Deperlıoglu and Köse [23] presented a hands-on system, which included HSV, algorithm V, and histogram equalization for enhancement of retinal fundus images. The retinal fundus picture was eventually fitted with a Gaussian low-pass filter. The Convolutional Neural Network performed the classification after the image processing. In the Kaggle Diabetic Retinopathy database, a performance evaluation of the proposed procedure was carried out using 400 retinal fundus images. Every stage of image processing has been classified. After image analysis, classification research was conducted. For each point, 20 experiments were performed, and average values were established. In the experiment the precision was 97%, the sensitivity 96.67%, the specificity 93.33%, the consistency 97.78%, the reminder 93.33%, with the F-score 93.33%. The result shows that the procedure suggested is extremely effective and good at diagnosing retinal fundus images with diabetic retinopathy.

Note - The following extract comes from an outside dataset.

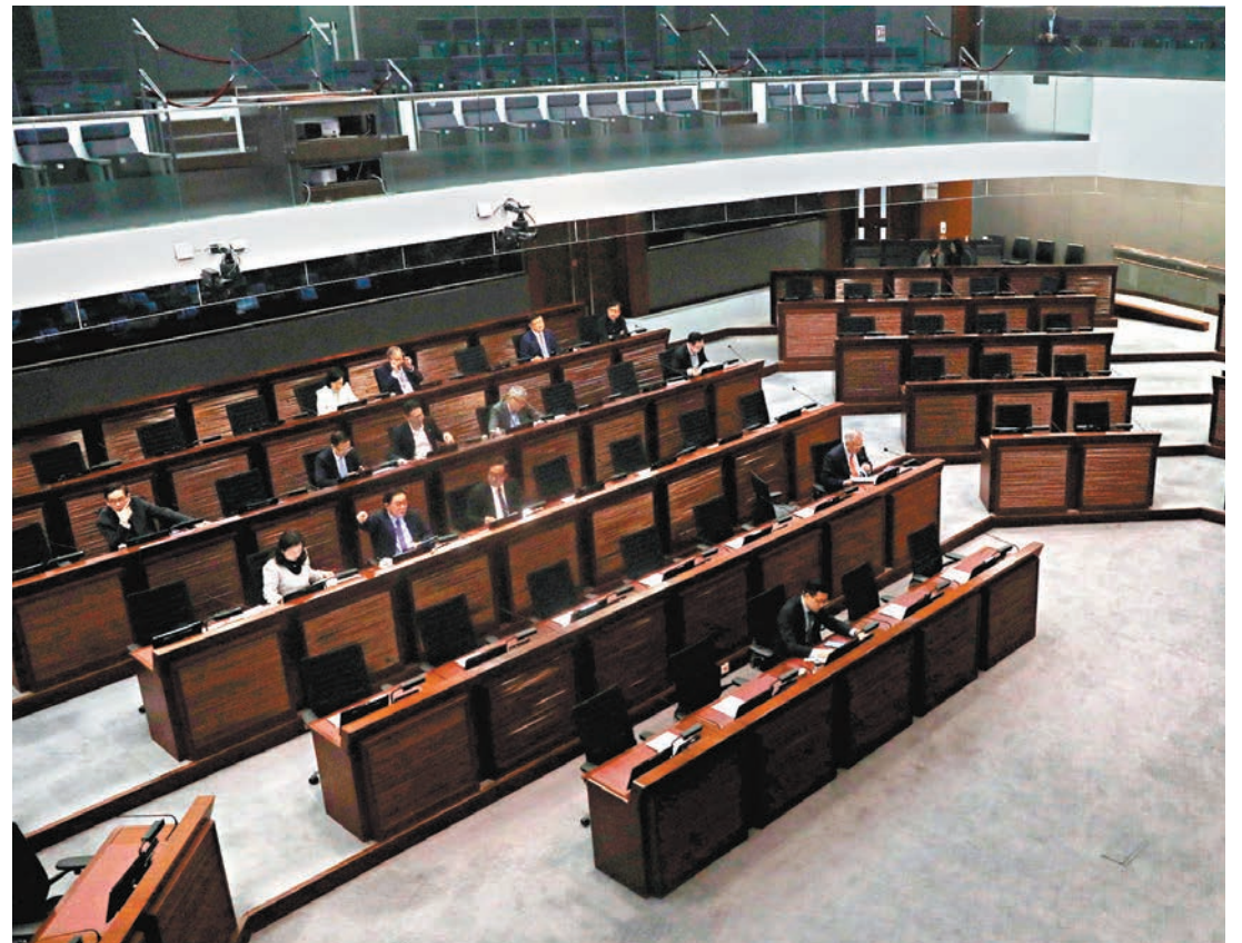
◆立法會研究與基本法第二十三條立法相關的事宜小組委員會昨日舉行會議。

特區政府昨日下午公布，行政長官會同行政會議昨日（7日）決定將《維護國家安全條例草案》今日刊憲並提交立法會審議，以全面落實基本法第二十三條、《全國人民代表大會關於建立健全香港特別行政區維護國家安全的法律制度和執行機制的決定》（下稱「人大決定」）及香港國安法所規定的憲制責任，確保可早日有效維護國家安全。

Gautam et al. [24] proposed a software-based algorithm methodology for early detection of DC, which promised to pre-detect DR without the intervention of any expert, saving expense and time. MATLAB-based image analysis is used to classify white wool lesions, cotton stains, and rough exudates associated with DR using analytical science and biomedical engineering expertise. Depending on the pixel computation counts, the eye image under investigation was categorized as a non-diabetic or diabetes retinopathy eye.

Manjramkar [25] surveyed various methods to diagnose macular enema, thus raising the value of automated macular enema evaluation. Diabetic retinopathy consists of a common community that has been observed for several years in the retina of one who has diabetes. Early visibility can be prevented by the identification of exudates.

Herliana et al. [26] presented a model for detecting diabetic retinopathy using Wide-X architecture implemented on the EyePACS dataset consisting of 5220 images. The chosen function is then further categorized using a neural network classification process. The findings of the analysis revealed the particle swarm optimization increased to 76.11%. This also validated the classification outcome improvement using 4.35 percent of the previous findings using a neural network system by just 71.76 percent.

Deperlioğlu and Köse [27] demonstrated the use of image recognition and preparation for DC using retinal fundus images. A hands-on system including HSV, algorithm V, and histogram equalization was used for the enhancement of retinal fundus images. The retinal fundus picture was eventually fitted with a Gaussian low-pass filter. The performance of the said model was assessed using the Diabetic Retinopathy dataset available publicly on Kaggle. The dataset contains 400 retinal fundus images.

Wu and Hu [28] presented a novel system for understanding transferal retinopathy. First, import dataset DIARETDB1 from the official Kaggle website, and then boost data, including data amplification, tossing, folding, and adjustment of comparison. Using pre-trained patterns like VGG19, InceptionV3, and Resnet50 etc. Finally, by the extreme stage of diabetic retinopathy, the pictures are classified into five groups. The experimental results show that the proposed approach can achieve a classification precision of 0.60, which is greater and more stable than the standard direct training method.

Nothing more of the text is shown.